Rough Waters Ahead for Economy, Society

Controversial futurist Gerald Celente does not have a high opinion of President Obama's competence as leader of the world's largest economy. In the following video, Celente describes some of the problems resulting from electing a president who is not quite up to the task. Unfortunately for the US, it does seem that virtually every policy decision of Obama's that involves the economy, is wrong.
Gerald Celente on YouTube

Gerald Celente's Trends Research Institute

http://www.infowars.com/celente-predicts-revolution-food-riots-tax-rebellions-by-2012/

H/T Neil Craig

Nouriel Roubini looks at the US government's dishonest jobs numbers and sees reason to expect things to get worse.

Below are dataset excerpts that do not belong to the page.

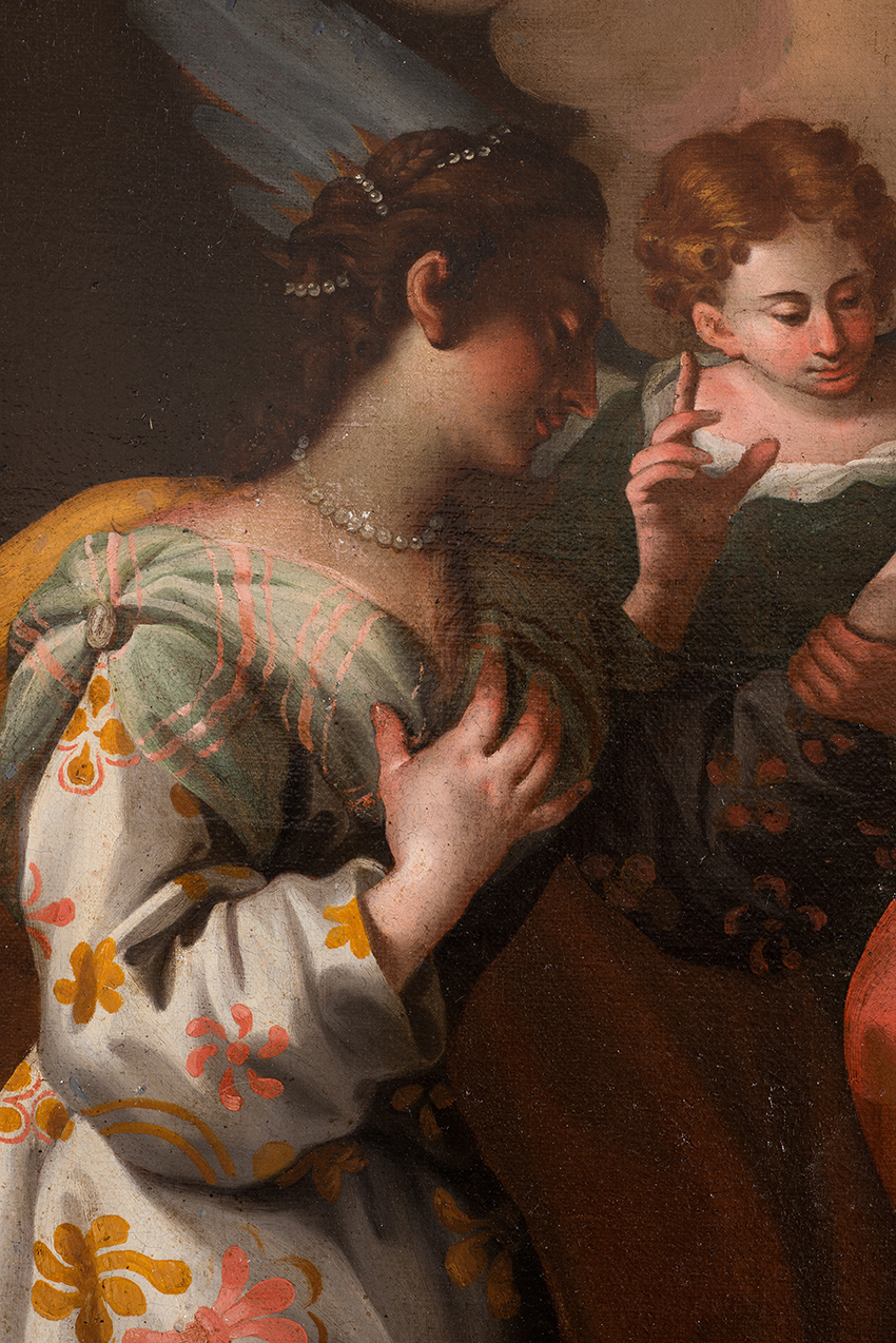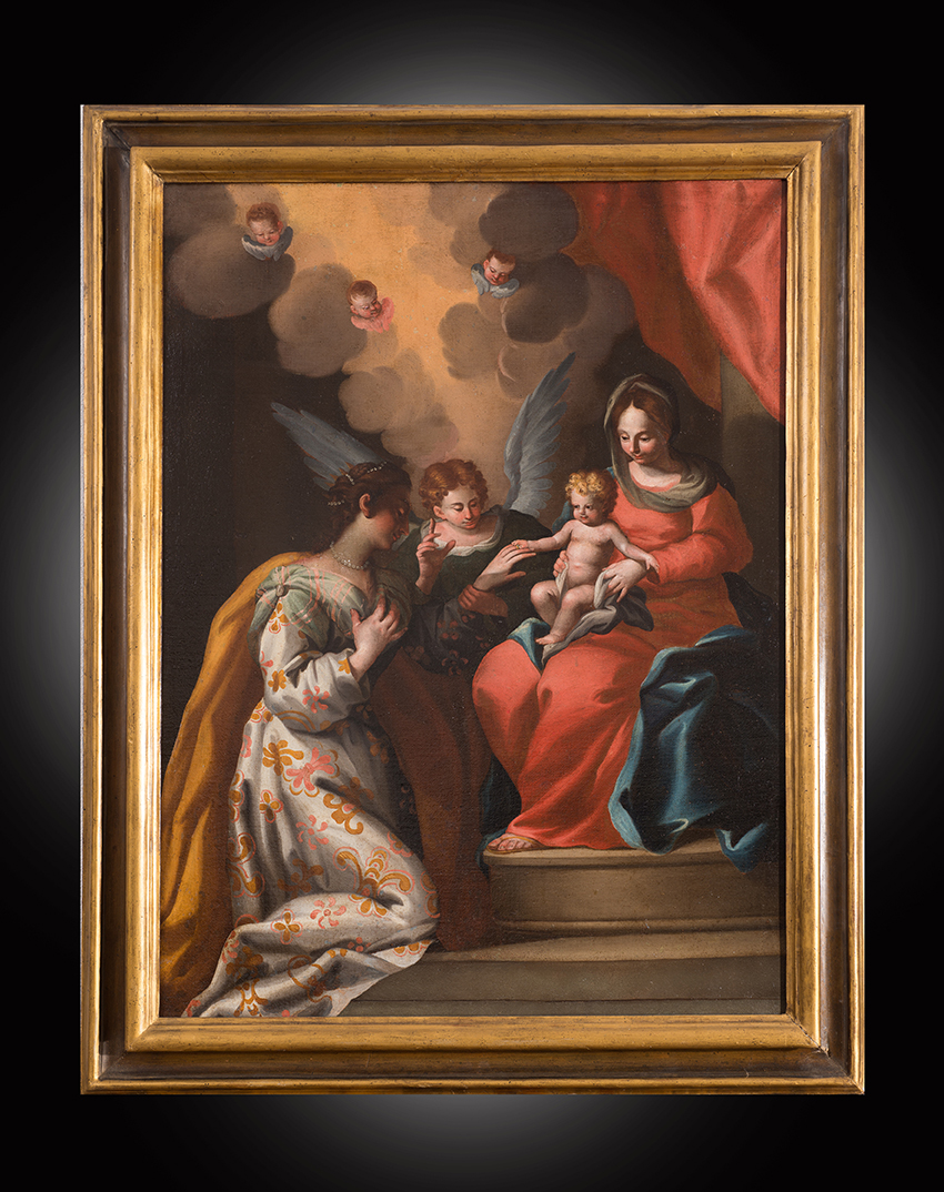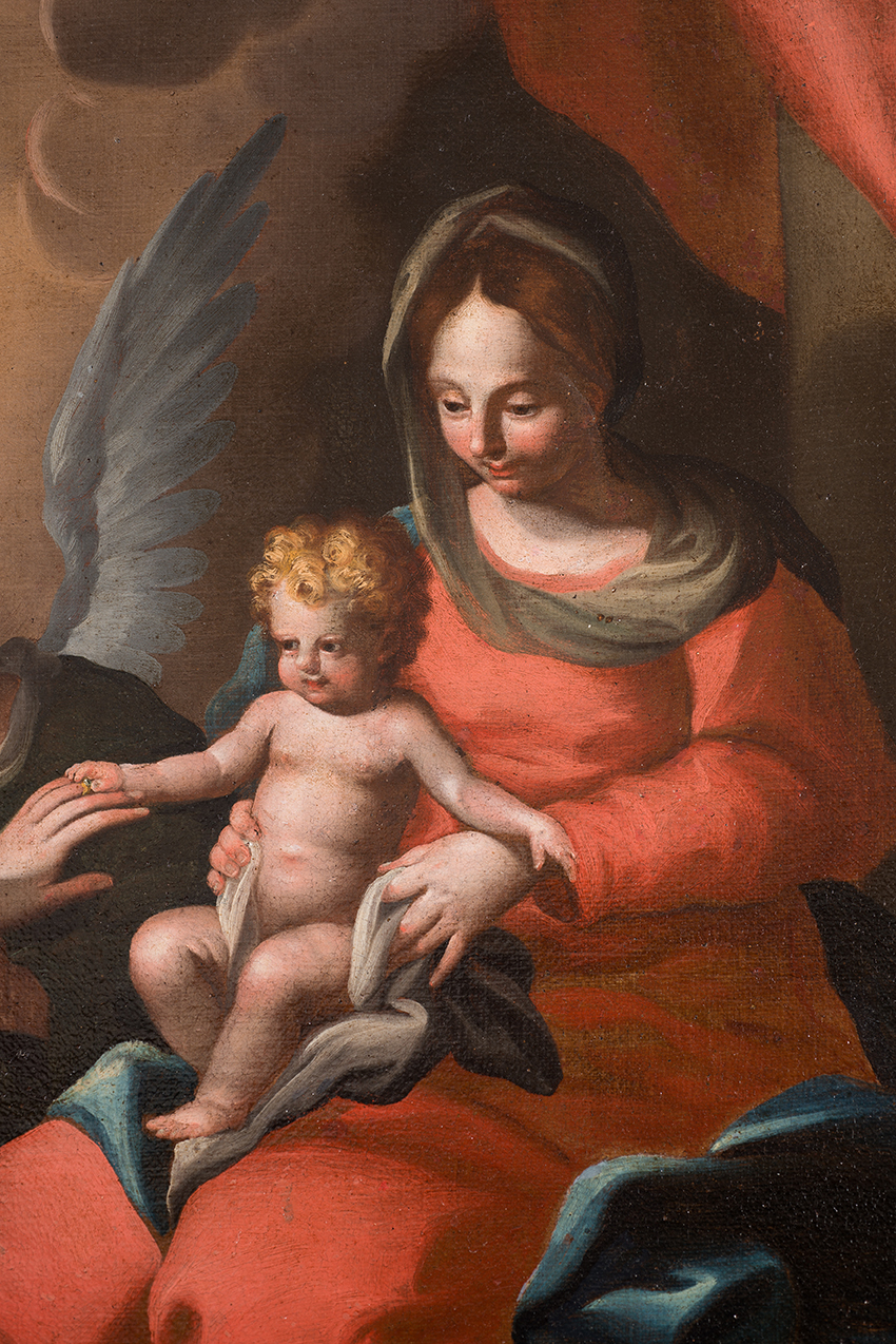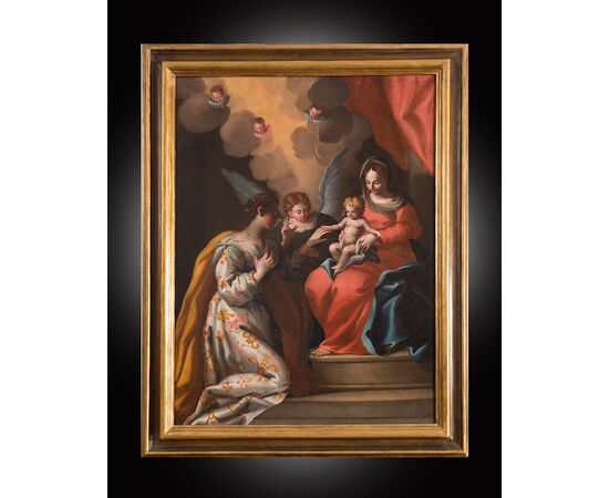 Description: Antique oil painting on canvas depicting the mystical marriage of Saint Catherine.The work is rich in iconographic inventions and tuned to full-bodied and bright colors, with effects of great preciousness. The mystical marriage of Saint Catherine, to whom the Child, held by Mary in a dazzling red dress with blue trim, is inserting the wedding ring.
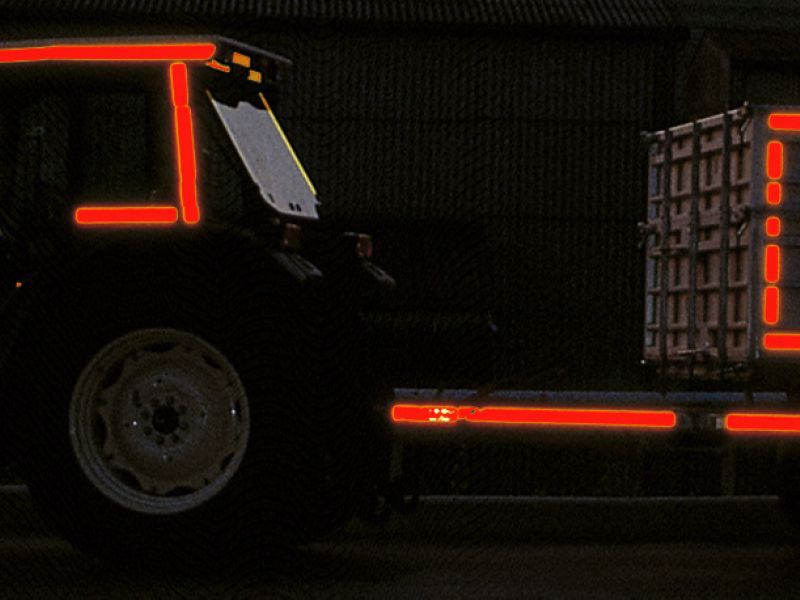 Les remorques d’une longueur supérieure à 5 m doivent être équipées sur le côté de catadioptres orange ou rouge. Les bandes réfléchissantes sont encore mieux visibles.
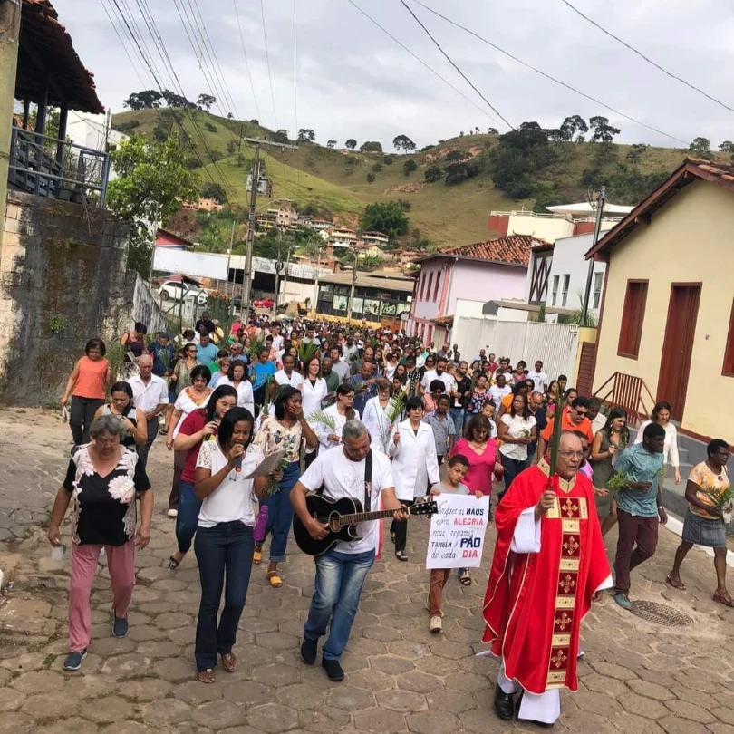 Durante as cinco semanas da Quaresma, preparamos nossos corações pela oração, pela penitência e pela caridade para a celebração da Páscoa de nosso Senhor. Celebrando com fé e piedade, nossa comunidade de se reuniu, às 8h30min, em frente à casa de D. Rosária para a bênção de Ramos e, após a procissão celebramos, na Matriz, a Liturgia do Domingo de Ramos e da Paixão do Senhor, abrindo por excelência a Semana Santa. Relembramos e celebramos a entrada triunfal de Jesus Cristo em Jerusalém, poucos dias antes de sofrer a paixão, morte e ressurreição.
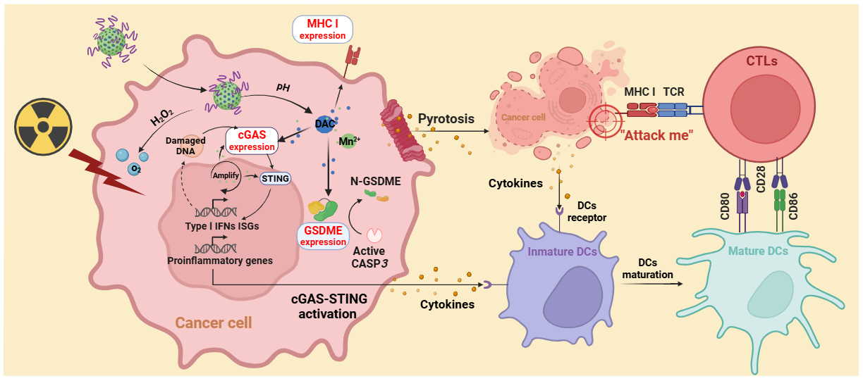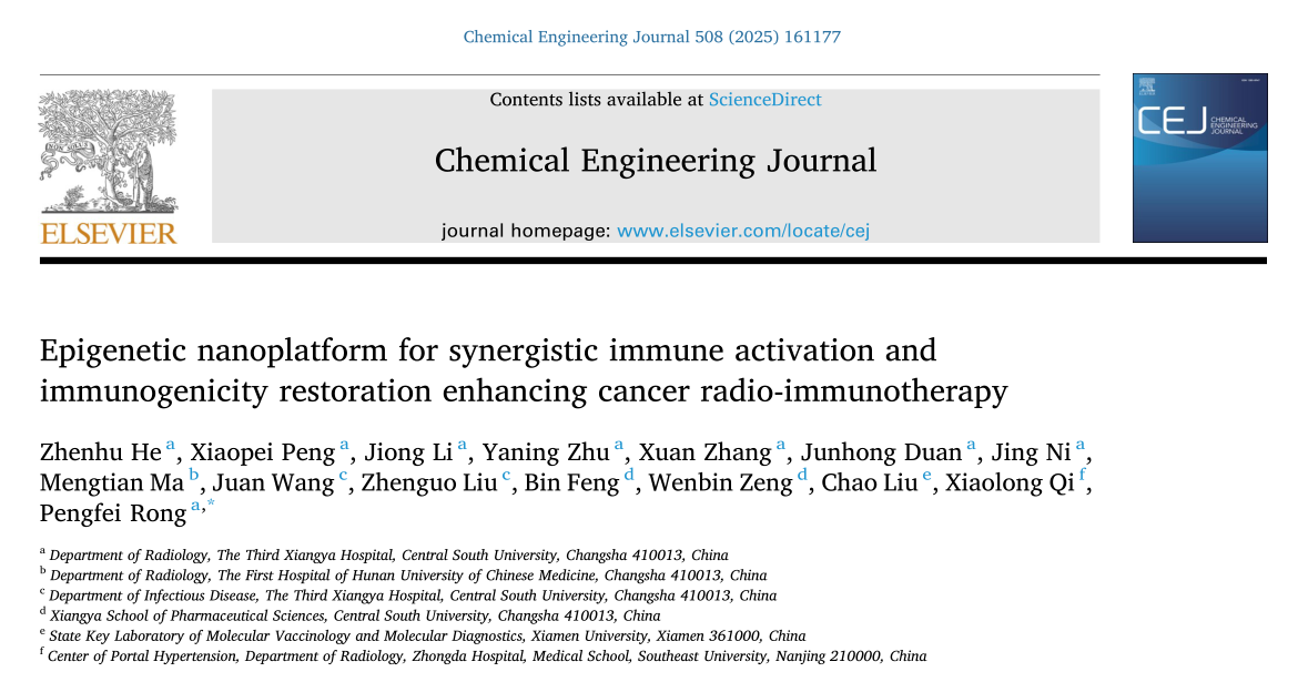 近日,中南大学湘雅三医院放射科容鹏飞教授团队在国际权威期刊《Chemical Engineering Journal》(化学工程杂志,中科院1区TOP期刊,IF = 13.4)以Research Article形式发表题为“Epigenetic nanoplatform for synergistic immune activation and immunogenicity restoration enhancing cancer radio-immunotherapy”(表观遗传学纳米平台协同免疫激活和免疫原性恢复增强癌症放射免疫治疗)的原创研究论文。容鹏飞教授为独立通讯作者,何真虎博士为独立第一作者,中南大学湘雅三医院放射科为论文第一及通讯作者单位。
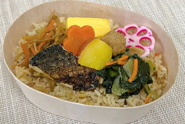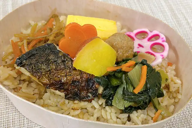 出汁茶飯200g /ゴボウと人参ピリ辛和え /鯖塩焼 /さつま芋甘露 /小松菜と人参のお浸し /玉子焼 /花人参 /鶏串団子 /花蓮根
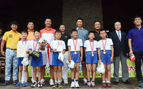 時折、霧雨のような小雨が降る中、ホールインワンが9人、アルバトロスが7人も出るハイレベルな大会を制したのは、スコア73の茨城県笠間市立友部小学校でした。キャプテンの羽沢和麿君(5年)は「監督、コーチ、保護者の皆さんのお陰です。昨年は補欠で悲しい思いもしましたが、優勝できてうれしい」と喜びを語りました。藤家幸司監督は「4、5年生中心なので正直、厳しいと思っていましたが、子どもたちが一生懸命頑張ってくれました」と選手をたたえました。2位は東京都大田区立池雪小(スコア74)、3位は宮城県大崎市立鬼首小(同75)でした。ドリームチームはスコア67と、貫禄を見せつけました。
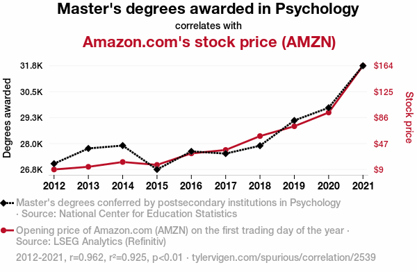 This means 92.5% of the change in the one variable (i.e., Amazon.com's stock price (AMZN)) is predictable based on the change in the other (i.e., Master's degrees awarded in Psychology) over the 10 years from 2012 through 2021.
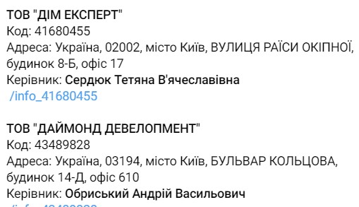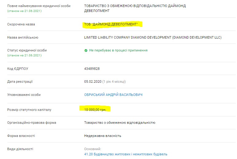 16. ТОВ "ДАЙМОНД ДЕВЕЛОПМЕНТ" – 10 тысяч статусного фонда. Основной бенецифиар – Александр Насиковский.

Again.

More:
Top Morgan Stanley economist sees economic and financial instability

Economic indicators from international shipping data send ominous signal

Inflation vs. deflation

H/T Survival Blog

One of the most ominous signposts for the future is the rapid growth of government employment and government spending in the face of rapid contraction in the private sector. The government employee pension fiasco is already becoming the focus of widespread discontent that could easily morph into societal discord. Deep fault lines between persons tied to the public sector and persons invested in the private sector could deepen and lurch violently in the near future. Public perception is growing that the new outfit in Washington is stripping the private sector like a junked automobile, for the benefit of Obama's financial backers and political allies.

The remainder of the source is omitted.